Jean Vanier, Be Not Afraid (Toronto, ON: Griffin Press Ltd., 1975), 41.
When we ask for something and don’t get it, and feel we didn’t deserve it or pray hard enough for it, we can feel guilty. If we think we didn’t get it because God knows better than us, or because someone praying for the opposite result was more worthy, we can feel angry. If we feel we didn’t get what we asked for because God doesn’t listen to prayers, or because he does not exist, we can feel hopeless.
Had the woman Vanier speaks of only been concerned about her next location in prison, and had she been sent to the place she didn’t want to go to, she may have felt guilty, angry or hopeless. When we instead see God as the one who gives us the strength to cope with the problems we originally believed he’d alleviate, we do not feel anger, guilt or hopelessness.
A man who has just been interviewed for a good job stops off at a church on the way home and prays that he gets the job. A woman visiting her husband in the hospital stops off at the hospital chapel to pray for his recovery. Do we really want to think of God as a God who has the power to grant these wishes, and chooses to give us or deny us what we ask for? Do we want to measure the usefulness of prayer on the basis of whether the man gets the job or not, whether the husband survives his heart attack or dies?
…………………………………………………………………………
He might say to the woman in the hospital chapel, "I can’t guarantee that your husband will survive this crisis. If I could no one would ever die because every patient has someone who prays fervently for his recovery. But I can assure you that you are not as alone as you feel you are. Friends are calling you, people are praying for you, offering to help you. It may well help your husbands chances to know that so many people are rooting for him to pull through. And when you do feel alone and frightened, know that you can always talk to me, a God who stands for life and healing.’

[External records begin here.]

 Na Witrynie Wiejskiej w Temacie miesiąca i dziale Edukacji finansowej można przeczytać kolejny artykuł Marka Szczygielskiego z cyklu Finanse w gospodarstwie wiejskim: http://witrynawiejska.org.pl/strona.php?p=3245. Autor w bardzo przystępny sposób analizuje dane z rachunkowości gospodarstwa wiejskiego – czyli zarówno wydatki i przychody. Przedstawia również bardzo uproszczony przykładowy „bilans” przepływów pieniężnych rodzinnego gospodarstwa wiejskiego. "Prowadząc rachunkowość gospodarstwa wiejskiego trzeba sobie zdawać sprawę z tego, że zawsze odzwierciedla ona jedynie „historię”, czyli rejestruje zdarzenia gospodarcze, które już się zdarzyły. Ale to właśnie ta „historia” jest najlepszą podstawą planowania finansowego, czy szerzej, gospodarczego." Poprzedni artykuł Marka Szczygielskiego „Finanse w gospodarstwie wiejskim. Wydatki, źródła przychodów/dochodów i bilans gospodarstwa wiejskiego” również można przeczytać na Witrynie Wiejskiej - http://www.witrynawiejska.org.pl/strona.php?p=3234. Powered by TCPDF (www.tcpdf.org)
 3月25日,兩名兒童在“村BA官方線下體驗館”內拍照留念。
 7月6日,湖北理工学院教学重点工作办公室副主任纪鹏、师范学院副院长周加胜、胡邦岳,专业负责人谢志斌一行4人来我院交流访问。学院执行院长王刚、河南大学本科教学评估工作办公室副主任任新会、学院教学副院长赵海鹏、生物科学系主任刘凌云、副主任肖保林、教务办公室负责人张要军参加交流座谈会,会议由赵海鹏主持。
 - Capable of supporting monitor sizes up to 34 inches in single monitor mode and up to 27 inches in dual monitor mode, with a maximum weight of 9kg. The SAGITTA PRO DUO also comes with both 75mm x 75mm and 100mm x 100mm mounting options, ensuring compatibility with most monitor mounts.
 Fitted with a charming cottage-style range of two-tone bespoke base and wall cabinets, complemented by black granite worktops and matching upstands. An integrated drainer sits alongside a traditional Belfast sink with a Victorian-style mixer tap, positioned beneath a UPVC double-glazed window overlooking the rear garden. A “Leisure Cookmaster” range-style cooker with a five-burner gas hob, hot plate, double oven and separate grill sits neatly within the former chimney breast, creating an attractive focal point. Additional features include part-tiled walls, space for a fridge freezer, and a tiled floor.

And he might say to the man that is on his way home from the job search, ‘I hear your prayer, your fears and your hopes. I can’t arrange for you to get this job. That’s not My role. But I can tell you this: I cherish all of my children, no matter how well or how poorly they do in the business world. My way of measuring success has nothing to do with the amount of your salary, the size of your office or the impressiveness of you job description. And the members of your family, the people who matter the most to you, see you the same way. For Me, that person is successful who has learned how to love, to share, and to master his impulses. I can’t give you a job, but I can help you with a sense of humility if you do get it, and the gift of resiliency and self-respect if you don’t, with the reassurance that I am near and that I think well of you in either event."

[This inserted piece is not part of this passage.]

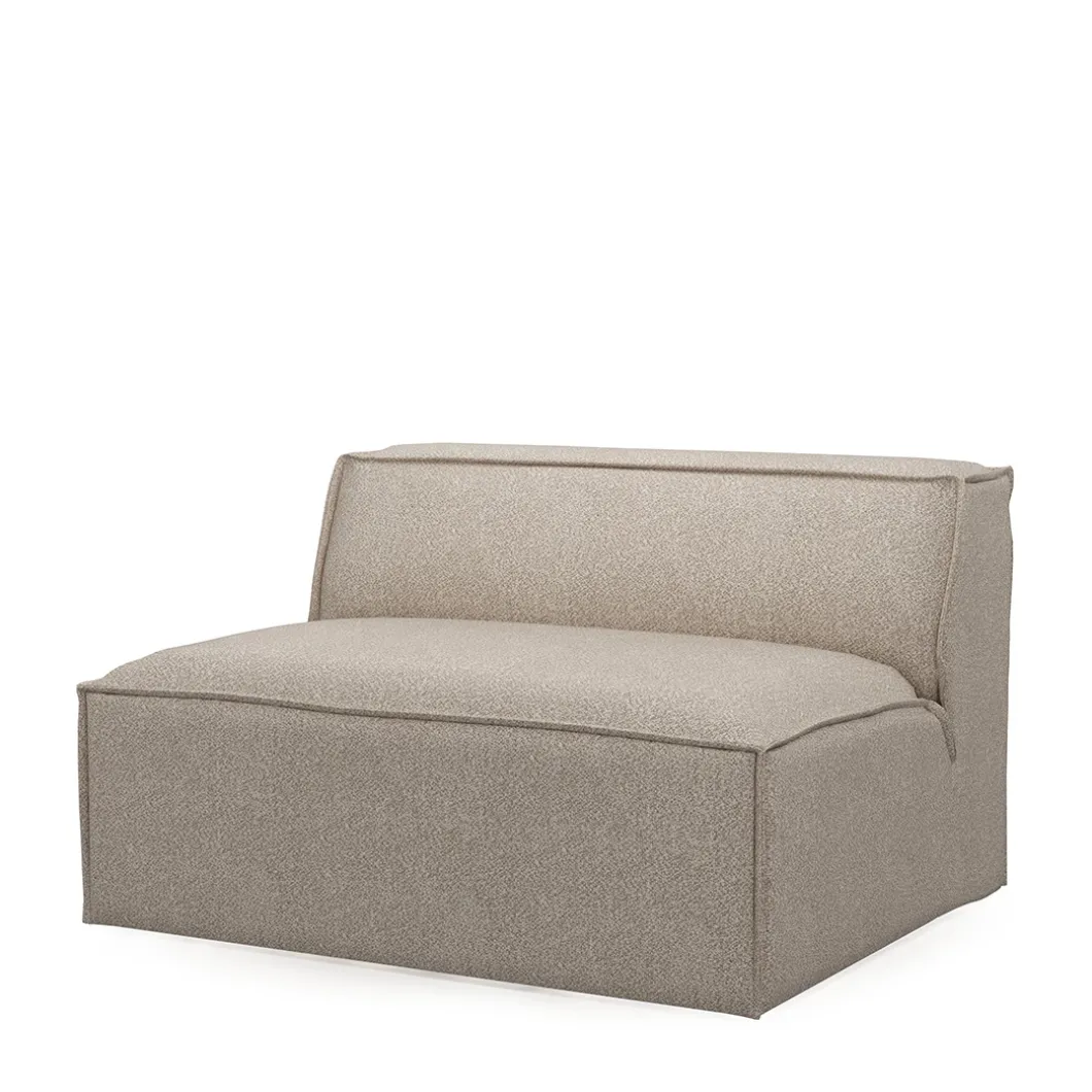 Dit stoere midden element van Jagger is een onderdeel uit één stuk. Gemaakt van beukenhout is het element niet te zwaar om desgewenst te verschuiven of op te tillen. De bouclé bekleding is lekker zacht en in verschillende kleuren te krijgen. Het middelste element is er in 95 cm en in 125 cm. Op die manier kan er naar believen worden “gebouwd”.

Harold Kushner, Who Needs God (New York, NY: Pocket Books, 1989), 156-57.
Philosopher Peter Kreeft never misses an opportunity to belittle Kushner’s belief that God cannot do certain things (i.e. he cannot take away our problems). Kreeft suggests that such a God is hardly worth believing in, though interestingly it was Kushner (not Kreeft) who was forced to reformulate his own understanding of God and prayer after the death of his son, and it was precisely this conclusion (the "not-worth-believing in God," according to Kreeft) that Kushner came continue his faith in. Certainly to Kushner and many others, God was still most certainly worth believing in. This God that Kreeft mocks, was the one that allowed Kushner to remain faithful to. Would Kreeft instead have Kushner feel anger, guilt or hopelessness (because his prayers that his son not die weren’t answered) or perhaps wouldn’t one think that Kushner’s reformulated concept of prayer (which places more emphasis on allowing God to help us through the tough times, because he can’t take them away for us) would be preferable to losing faith completely? Doesn’t it help alleviate anger, guilt or hopelessness?
K.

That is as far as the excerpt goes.